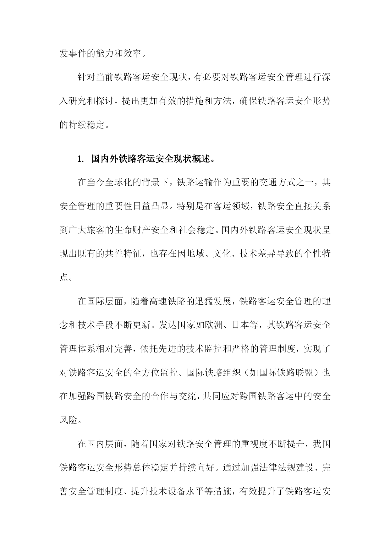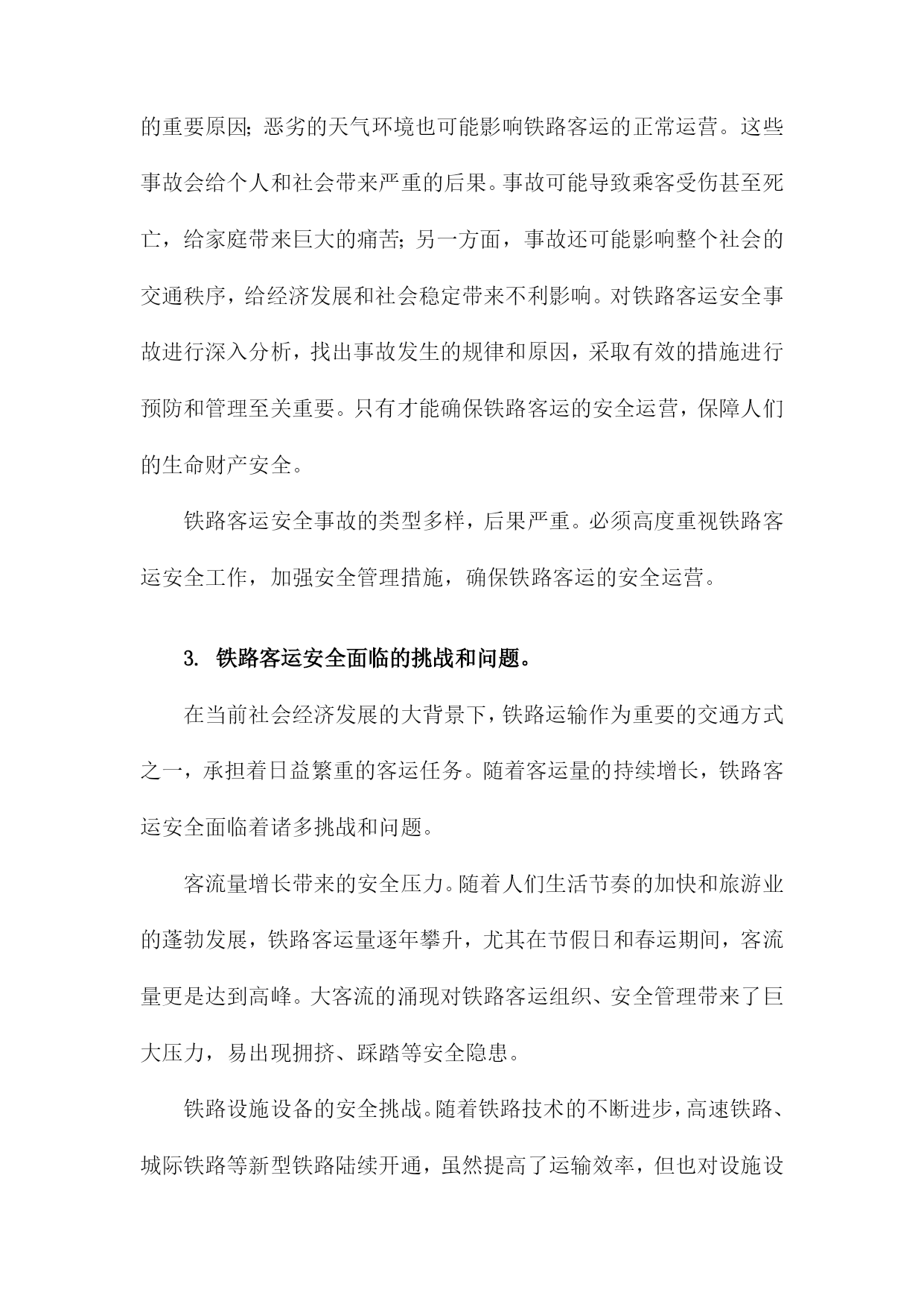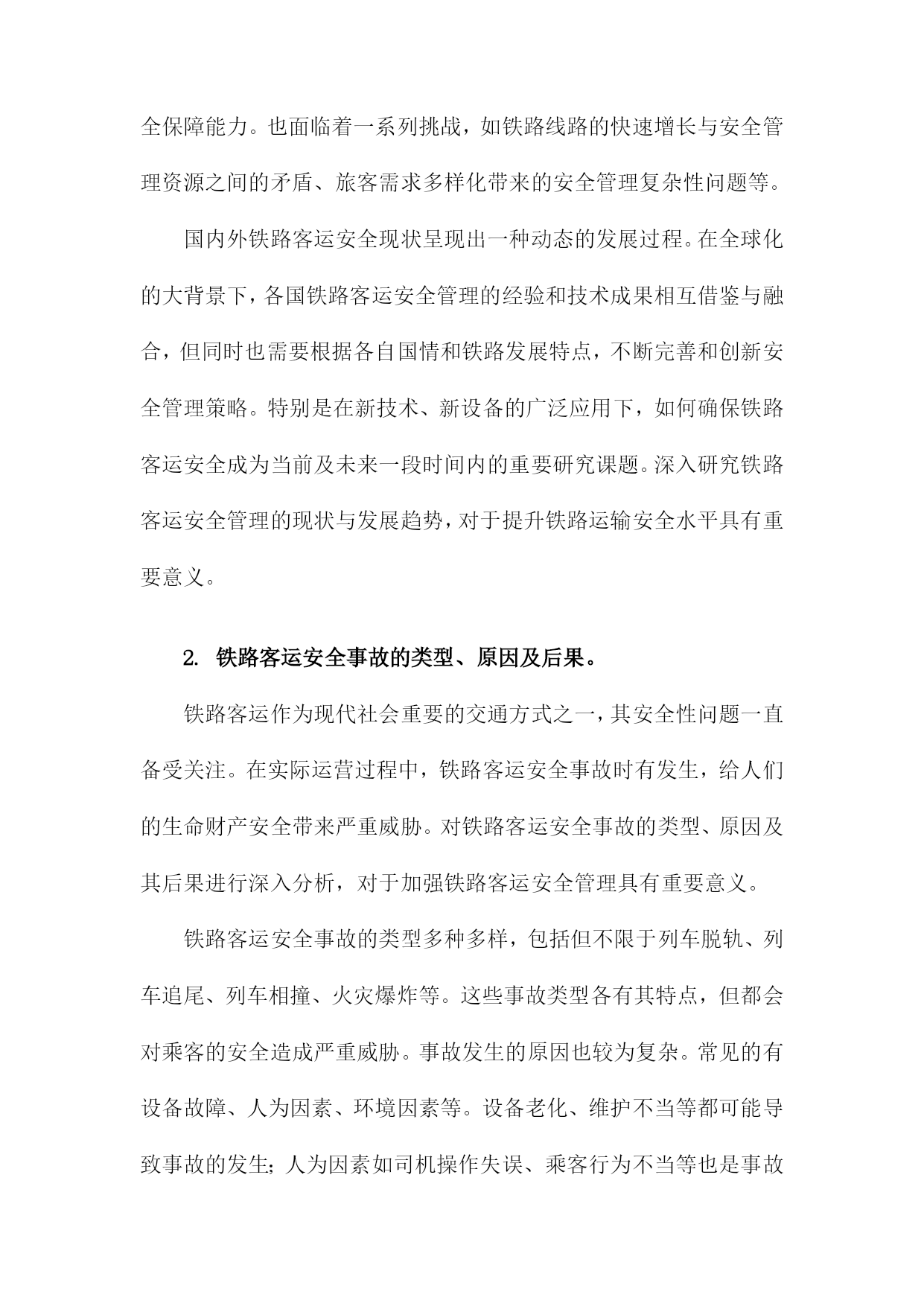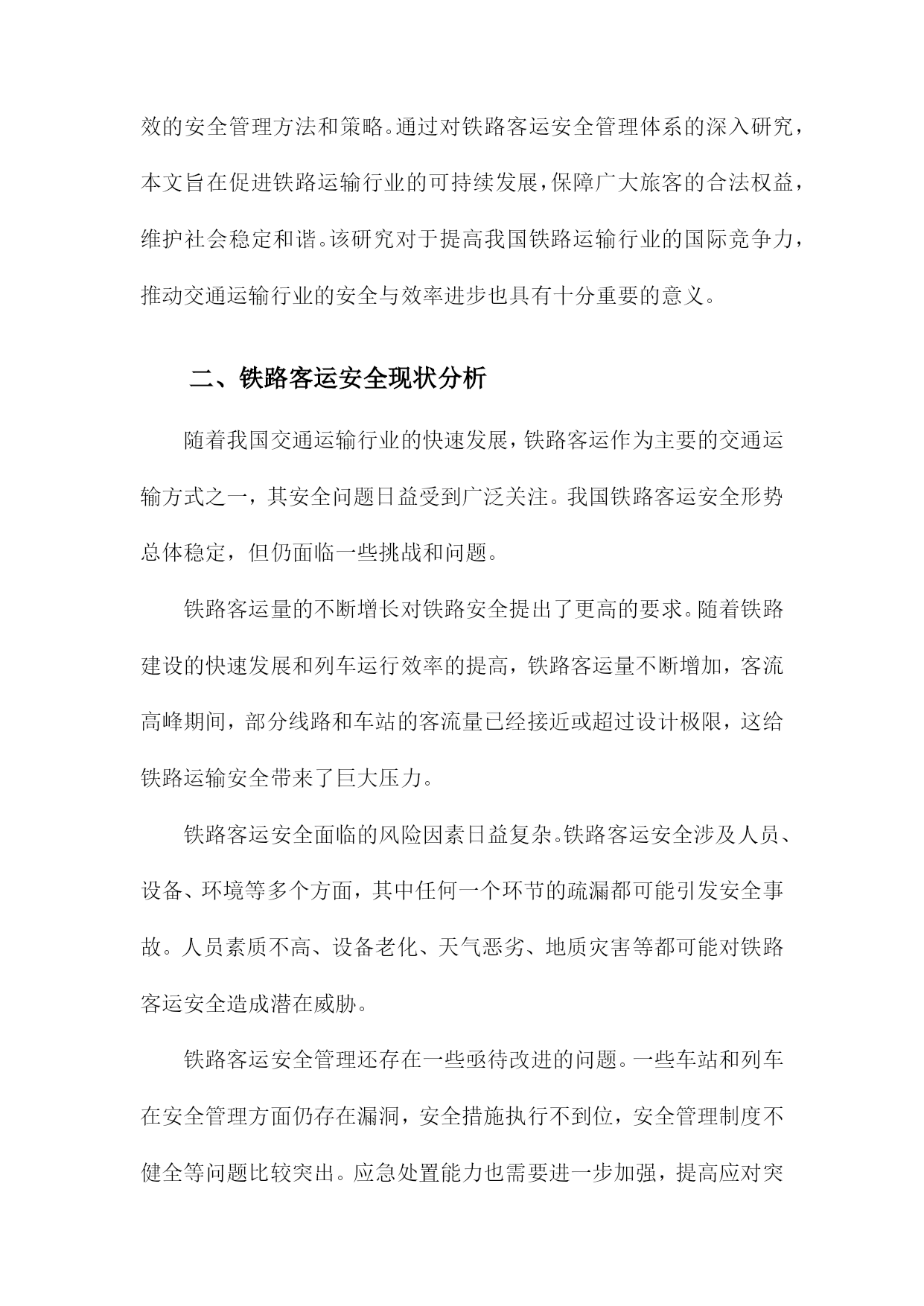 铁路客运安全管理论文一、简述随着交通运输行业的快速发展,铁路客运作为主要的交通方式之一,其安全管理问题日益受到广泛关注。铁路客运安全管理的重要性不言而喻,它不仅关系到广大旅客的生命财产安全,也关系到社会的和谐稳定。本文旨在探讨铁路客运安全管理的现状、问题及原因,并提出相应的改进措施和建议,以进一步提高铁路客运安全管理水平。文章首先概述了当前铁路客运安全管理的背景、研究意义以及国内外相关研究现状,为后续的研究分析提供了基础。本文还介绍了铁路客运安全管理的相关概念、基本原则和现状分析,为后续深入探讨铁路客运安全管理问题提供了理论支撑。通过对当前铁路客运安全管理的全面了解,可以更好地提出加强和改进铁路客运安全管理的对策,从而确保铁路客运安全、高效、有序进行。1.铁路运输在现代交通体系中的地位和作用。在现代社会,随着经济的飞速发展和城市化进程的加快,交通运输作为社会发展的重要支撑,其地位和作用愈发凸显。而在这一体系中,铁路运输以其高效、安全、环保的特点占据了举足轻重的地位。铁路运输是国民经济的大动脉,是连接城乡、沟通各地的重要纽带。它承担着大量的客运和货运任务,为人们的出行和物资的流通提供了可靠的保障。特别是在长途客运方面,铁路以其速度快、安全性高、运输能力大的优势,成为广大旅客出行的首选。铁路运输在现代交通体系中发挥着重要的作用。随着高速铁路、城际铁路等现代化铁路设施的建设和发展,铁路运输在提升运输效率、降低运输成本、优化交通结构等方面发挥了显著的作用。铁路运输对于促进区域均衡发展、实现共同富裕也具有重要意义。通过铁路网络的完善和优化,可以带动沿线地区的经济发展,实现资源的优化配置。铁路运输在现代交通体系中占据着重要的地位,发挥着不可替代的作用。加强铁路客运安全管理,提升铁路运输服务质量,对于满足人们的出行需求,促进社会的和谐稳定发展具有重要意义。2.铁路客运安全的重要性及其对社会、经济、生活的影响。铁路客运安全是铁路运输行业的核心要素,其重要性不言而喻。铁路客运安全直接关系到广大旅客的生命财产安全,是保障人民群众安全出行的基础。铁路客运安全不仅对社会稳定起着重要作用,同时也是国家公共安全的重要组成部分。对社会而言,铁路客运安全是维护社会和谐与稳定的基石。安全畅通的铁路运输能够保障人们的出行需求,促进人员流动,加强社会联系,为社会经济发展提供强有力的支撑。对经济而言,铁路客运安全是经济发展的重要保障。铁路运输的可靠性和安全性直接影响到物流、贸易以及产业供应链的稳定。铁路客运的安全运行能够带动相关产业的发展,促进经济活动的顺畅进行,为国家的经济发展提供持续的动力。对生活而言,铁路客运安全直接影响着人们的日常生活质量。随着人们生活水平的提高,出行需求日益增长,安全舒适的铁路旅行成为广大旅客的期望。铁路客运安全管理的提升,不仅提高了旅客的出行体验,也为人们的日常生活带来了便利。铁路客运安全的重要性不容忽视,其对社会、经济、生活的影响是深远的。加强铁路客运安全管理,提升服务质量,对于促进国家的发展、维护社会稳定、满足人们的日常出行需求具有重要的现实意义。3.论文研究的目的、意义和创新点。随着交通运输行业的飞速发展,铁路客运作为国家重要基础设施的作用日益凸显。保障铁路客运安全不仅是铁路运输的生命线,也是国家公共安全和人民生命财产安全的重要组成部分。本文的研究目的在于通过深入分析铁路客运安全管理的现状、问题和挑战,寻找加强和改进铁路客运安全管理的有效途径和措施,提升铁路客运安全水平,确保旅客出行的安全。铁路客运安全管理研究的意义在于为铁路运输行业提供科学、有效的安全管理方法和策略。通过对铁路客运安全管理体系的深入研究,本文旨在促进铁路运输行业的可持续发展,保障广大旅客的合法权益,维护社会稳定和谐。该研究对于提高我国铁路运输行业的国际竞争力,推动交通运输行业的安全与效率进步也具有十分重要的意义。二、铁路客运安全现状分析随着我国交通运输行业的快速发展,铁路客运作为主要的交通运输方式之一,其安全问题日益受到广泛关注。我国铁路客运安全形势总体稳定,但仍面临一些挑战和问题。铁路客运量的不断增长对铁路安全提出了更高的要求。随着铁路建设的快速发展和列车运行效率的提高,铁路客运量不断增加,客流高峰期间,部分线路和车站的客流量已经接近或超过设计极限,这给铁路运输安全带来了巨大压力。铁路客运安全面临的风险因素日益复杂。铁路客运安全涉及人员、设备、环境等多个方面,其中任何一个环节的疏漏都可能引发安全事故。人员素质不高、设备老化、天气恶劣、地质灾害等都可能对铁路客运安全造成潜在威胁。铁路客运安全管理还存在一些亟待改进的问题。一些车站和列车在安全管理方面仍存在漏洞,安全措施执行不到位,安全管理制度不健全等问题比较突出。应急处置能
------------------------------------------------
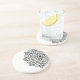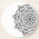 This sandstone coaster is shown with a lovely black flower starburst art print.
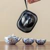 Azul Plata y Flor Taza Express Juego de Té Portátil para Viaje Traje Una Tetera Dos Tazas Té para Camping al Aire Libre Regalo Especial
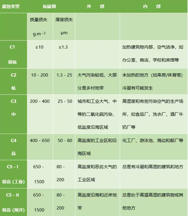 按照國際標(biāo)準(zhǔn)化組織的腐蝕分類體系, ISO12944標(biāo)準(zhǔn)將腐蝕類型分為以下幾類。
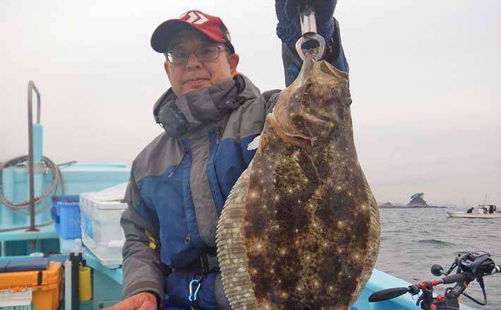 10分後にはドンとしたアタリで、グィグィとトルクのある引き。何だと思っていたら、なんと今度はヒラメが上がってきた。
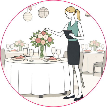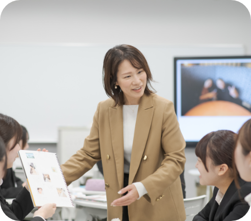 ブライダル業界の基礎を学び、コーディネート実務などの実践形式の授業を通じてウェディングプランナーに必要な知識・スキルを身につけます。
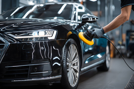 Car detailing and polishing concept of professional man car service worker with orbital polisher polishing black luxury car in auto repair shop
------------------------------------------------
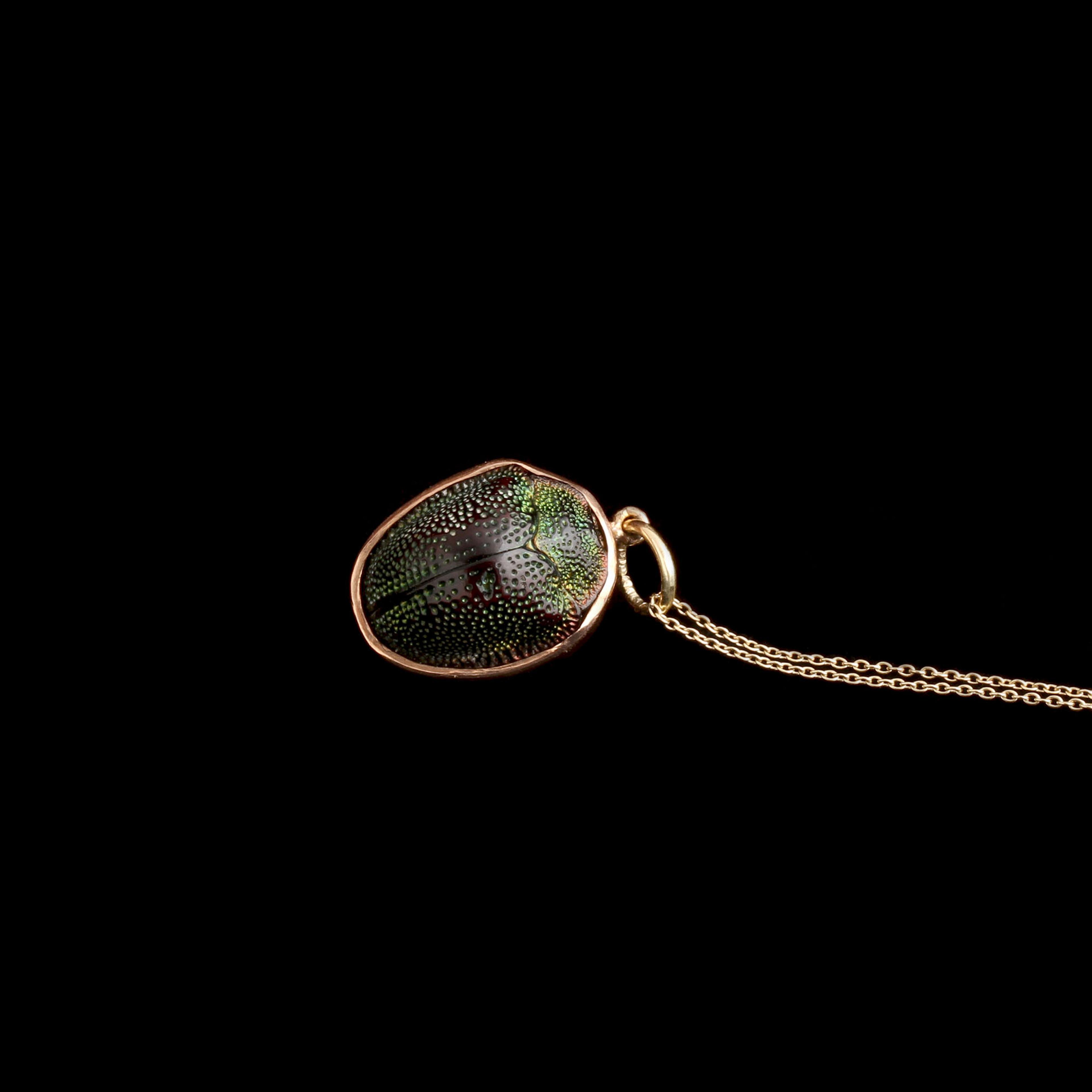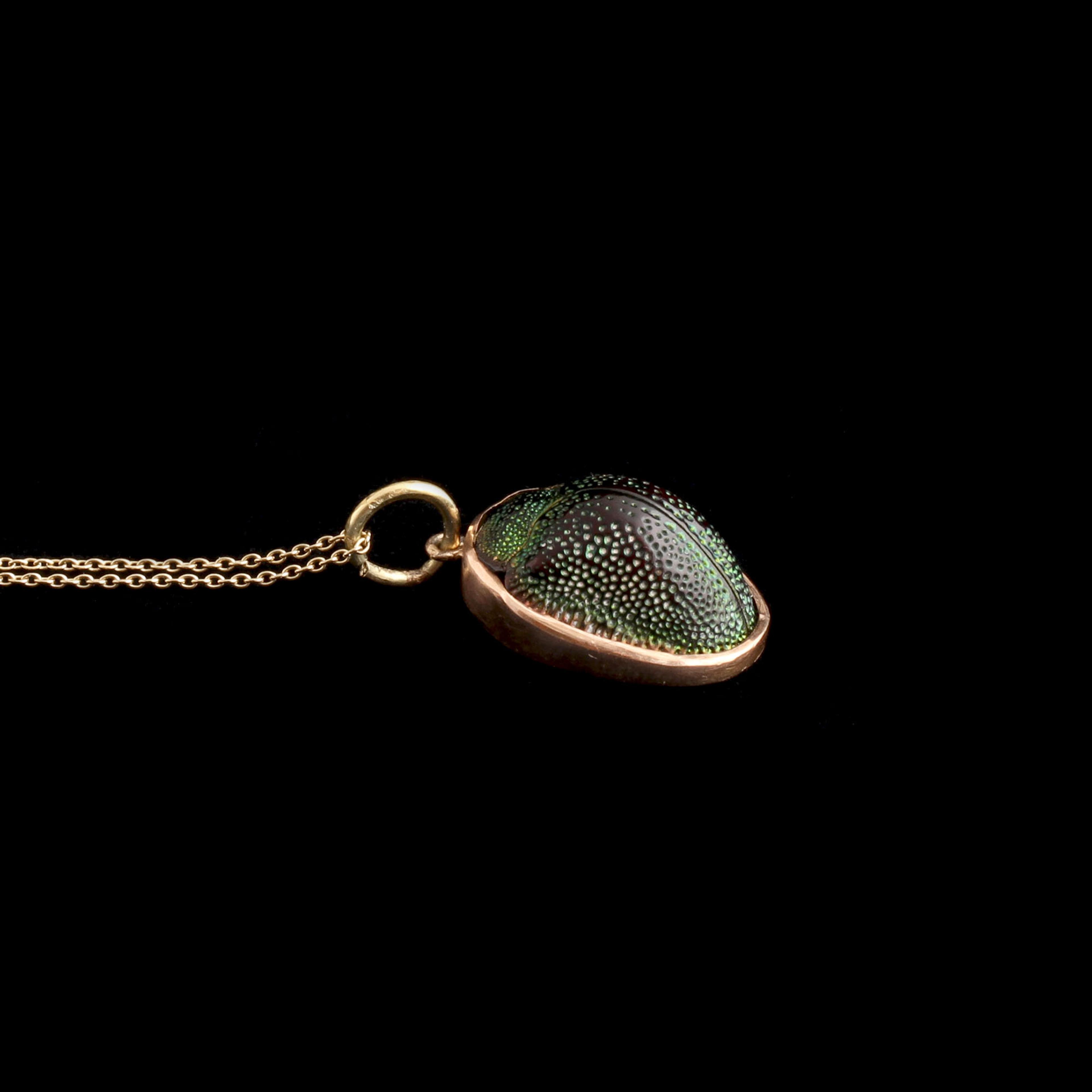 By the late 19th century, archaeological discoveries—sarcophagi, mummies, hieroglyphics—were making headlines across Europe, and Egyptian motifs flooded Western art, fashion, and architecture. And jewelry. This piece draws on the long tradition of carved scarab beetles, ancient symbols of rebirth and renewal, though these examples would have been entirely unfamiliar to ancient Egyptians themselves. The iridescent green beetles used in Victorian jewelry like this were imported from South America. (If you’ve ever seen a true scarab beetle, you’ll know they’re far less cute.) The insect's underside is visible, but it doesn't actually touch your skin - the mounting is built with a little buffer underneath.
------------------------------------------------
What is expected:
Repeat only the stretch of data above that runs from the line with "按照國際標(biāo)準(z" to the line with "Car detailing and". Keep both end lines; exclude pictures.

Answer to this problem:
 按照國際標(biāo)準(zhǔn)化組織的腐蝕分類體系, ISO12944標(biāo)準(zhǔn)將腐蝕類型分為以下幾類。
 10分後にはドンとしたアタリで、グィグィとトルクのある引き。何だと思っていたら、なんと今度はヒラメが上がってきた。
 ブライダル業界の基礎を学び、コーディネート実務などの実践形式の授業を通じてウェディングプランナーに必要な知識・スキルを身につけます。
 Car detailing and polishing concept of professional man car service worker with orbital polisher polishing black luxury car in auto repair shop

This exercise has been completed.